My wife and I have made changes to our home to accommodate my father’s moving in with us after the passing of my mother 2 years ago and several medical issues including mild dementia and several serious falls.
We are the primary caregivers as well as medical and financial POA’s. He still owns a home out of state that he is unable to live in unassisted and I am currently trying to sell it to help finance his care. My brother wanted to buy the home but offered no reasonable compensation as my dad still has a home equity loan left to pay. I offered him a great deal ( ½ the value of the home’s value) but he still tried some of every other option to get it for next to nothing.
Time was passing and my father’s assets were dwindling with the cost of day care facilities, in home care givers and medical expenses, so I told my brother in no uncertain term that he is no longer an option and the house is now on the open market. He has not spoken to me since and barely speaks to my father but has been calling every family member in a rant telling them that as soon as my father passes he is going to sue my wife and I for everything we own, as we are wasting away his true inheritance.

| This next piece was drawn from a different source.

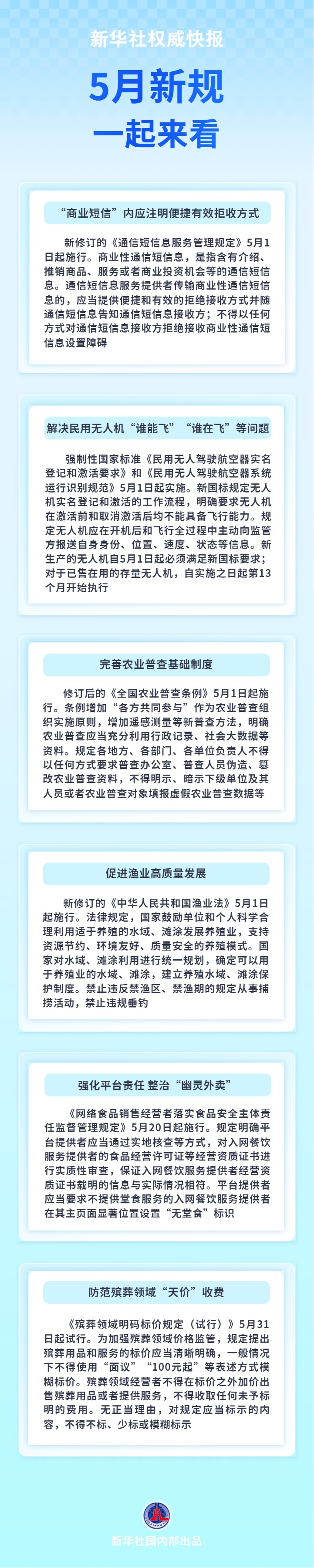 规定“商业短信”内应注明便捷有效拒收方式;解决民用无人机“谁能飞”和“谁在飞”等问题;完善农业普查基础制度……5月新规,一起来看。

He has not seen my dad since mom’s funeral and for years before that. He recently even told my dad no when dad asked him if he could come visit him.
He has supplied no financial help but told the entire family that his lawyers are ready!
Caregiving is hard enough physically, emotionally and financially on myself, my wife and 3 children. We dont charge my father for anything at all, and my wife is patient with my dad and doesn’t need this extra stress. This is now starting to strain our marriage.
What steps can I take to protect my family and put my wife at ease over these never ending threats?